Guzelgoz and Rocco are typical of the emerging trend of immigrant entrepreneurs in Ireland – innovative and fearless.
A recent survey from Bank of Ireland revealed that IT companies are currently the third-most popular type of start-up applying to them for funding, yet according to First Step Microfinance, ethnic entrepreneurs are being overlooked.
The first ever Immigrant Entrepreneur Survey, carried out in Ireland last year, commissioned by First Step, found that the single biggest barrier to non-national start-ups is access to funding.
Rachel Dalton, spokesperson for First Step, said, “We really do fulfil a unique gap in the market. We pick up where the banks leave off. It’s really for those entrepreneurs who can’t get funding through the conventional banking channels, and their loans are around the €25,000 mark.”
Although First Step made recommendations, based on the results of its survey, for the government to adopt a national entrepreneurship policy, organisations such as Enterprise Ireland do play a significant part in supporting and developing entrepreneurs in the technology sector.
Jacqueline Foley, marketing unit manager for the high-potential start-up (HPSU) division of Enterprise Ireland, said non-nationals qualify for exactly the same assistance as nationals do.
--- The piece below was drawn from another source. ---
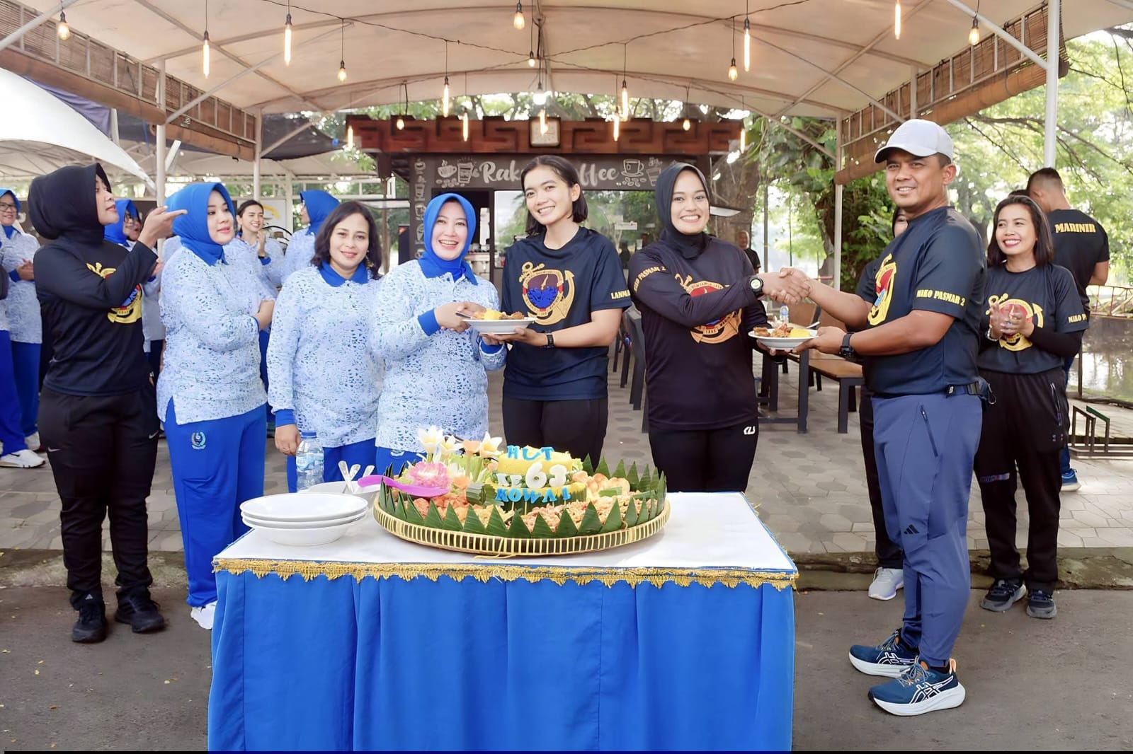 Dispen Kormar, TNI AL (Sidoarjo). Dengan penuh semangat dan suasana keakraban, Komandan Pasmar 2 Mayjen TNI (Mar) Dr. Oni Juniato didampingi Ketua Korcab Pasmar 2 Gabungan Jalasenastri Korps Marinir Ny. Dian Oni Junianto, memberikan surprise kepada para srikandi laut Pasmar 2 berupa pemotongan tumpeng memperingati HUT ke 63 Kowal di Raksa Coffee Kesatrian Marinir Moekijat, Mako Pasmar 2 Gedangan, Sidoarjo. Kamis (08/01)

Funding for a HPSU, however, does have very strict eligibility, including being based on technological innovation and having export potential.
Hakan Guzelgoz said the support and funding his company received from Enterprise Ireland was invaluable.
Earlier this year Guzelgoz and his business partner, Stefano Rocco, who won the Shell LiveWire Young Entrepreneurs of the Year 2006 for their export potential, received R&D funds from Enterprise Ireland for their research activity in the middle- and back-office trade flow management.
High-potential start-ups aside, there are still small ethnic IT businesses that have to fend for themselves, like James Anderson, the Nigerian owner of Pegas2000.ie, a successful online computer hardware and accessories store with computer repair and maintenance services provided from its premises in Blessington Street, Dublin.
Anderson was employed at Gateway until its departure from the country made him redundant. He then decided to set up his own company, but found it difficult to get funding, and ended up financing the business himself.
The Immigrant Entrepreneur Survey didn’t just find funding to be the only obstacle for non-national entrepreneurs. It also highlighted the absence of ethnic trainers, consultants and mentors available for those who don’t know where to begin. Krystian Kozerawski, a Polish web designer living in Carlow, says he finds this to be very much the case.
“The main barrier to us non-nationals is language. I have no problems with communication but I found it quite difficult to prepare for my potential customers, my business plan and press releases.”
Kozerawski has as yet received no funding, and is self-financing his web design business, Drakkart.com. He has already launched a Polish community portal for Carlow, www.Carlow.pl, and is currently working on one for Nenagh.
Although there aren’t any official organisations that help the growing ethnic communities in Ireland to settle, integrate and congregate, there are two Irish-run internet portals that are providing this service, www.pl104.com.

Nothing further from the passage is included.